§ **Required action**
Return the listing below exactly, with the pictures dropped.

§ **Source data**
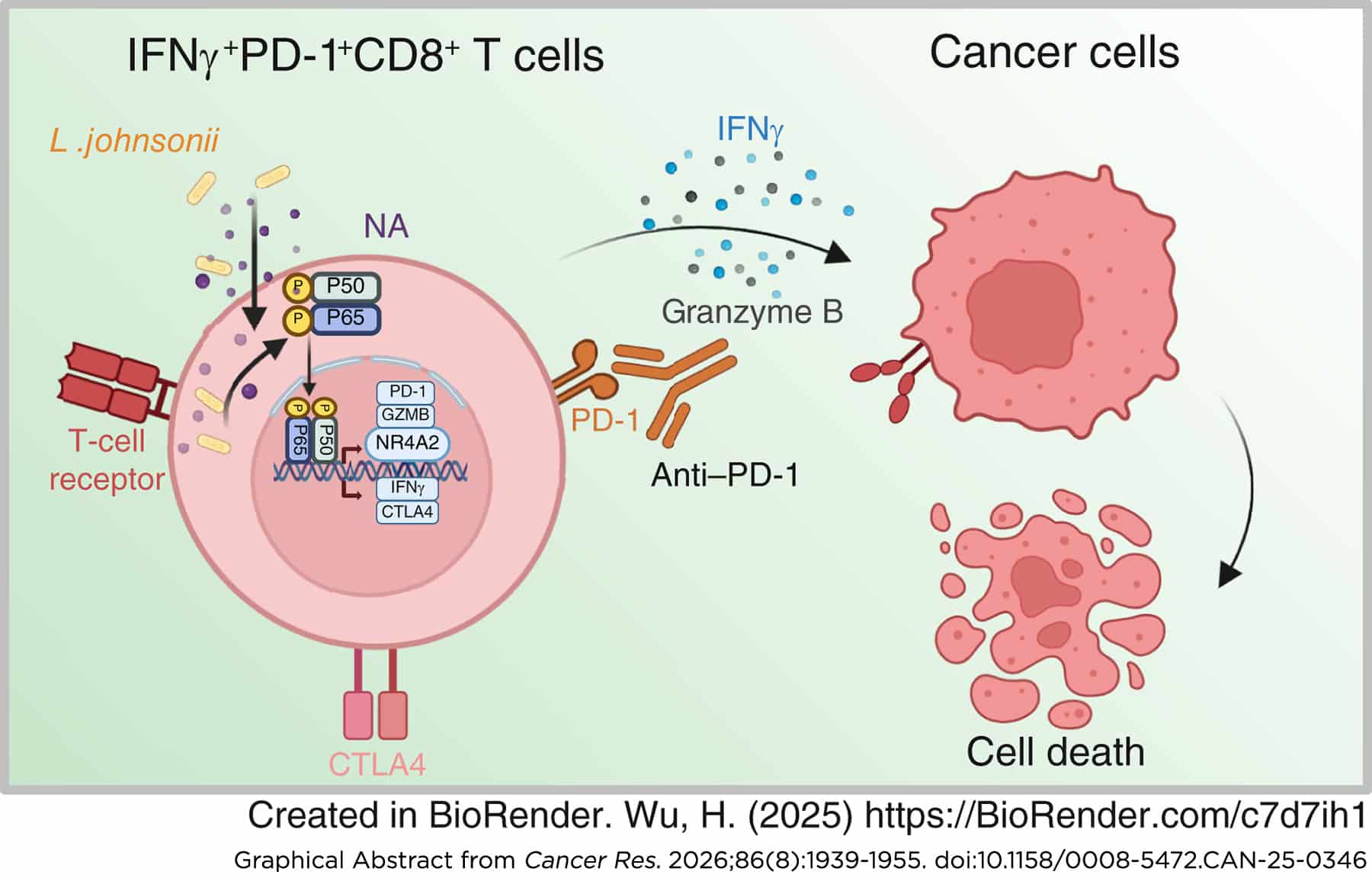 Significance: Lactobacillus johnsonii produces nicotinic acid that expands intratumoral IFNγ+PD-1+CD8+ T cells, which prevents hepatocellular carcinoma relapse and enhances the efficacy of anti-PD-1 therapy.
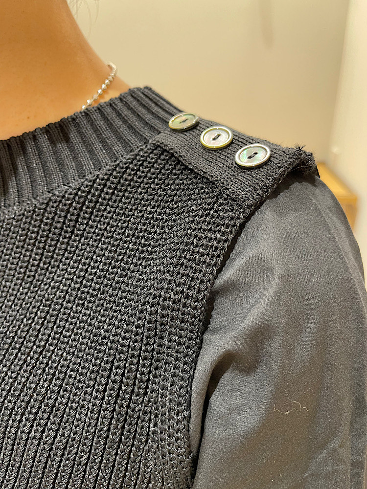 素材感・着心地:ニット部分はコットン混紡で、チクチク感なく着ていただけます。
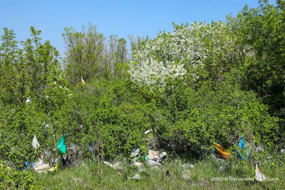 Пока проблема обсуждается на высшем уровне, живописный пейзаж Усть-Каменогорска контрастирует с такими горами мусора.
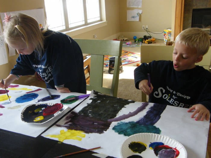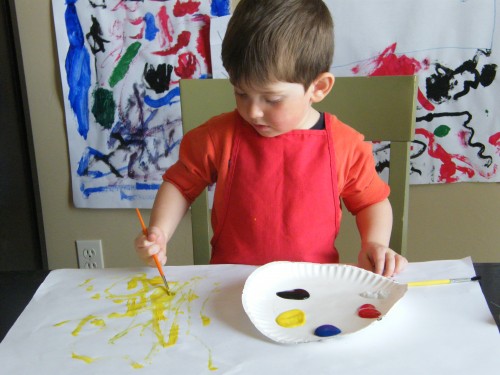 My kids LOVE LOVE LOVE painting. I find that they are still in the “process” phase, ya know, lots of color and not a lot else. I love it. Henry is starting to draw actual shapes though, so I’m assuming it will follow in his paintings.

§ **Exercise answer**
 Significance: Lactobacillus johnsonii produces nicotinic acid that expands intratumoral IFNγ+PD-1+CD8+ T cells, which prevents hepatocellular carcinoma relapse and enhances the efficacy of anti-PD-1 therapy.
 素材感・着心地:ニット部分はコットン混紡で、チクチク感なく着ていただけます。
 Пока проблема обсуждается на высшем уровне, живописный пейзаж Усть-Каменогорска контрастирует с такими горами мусора.
 My kids LOVE LOVE LOVE painting. I find that they are still in the “process” phase, ya know, lots of color and not a lot else. I love it. Henry is starting to draw actual shapes though, so I’m assuming it will follow in his paintings.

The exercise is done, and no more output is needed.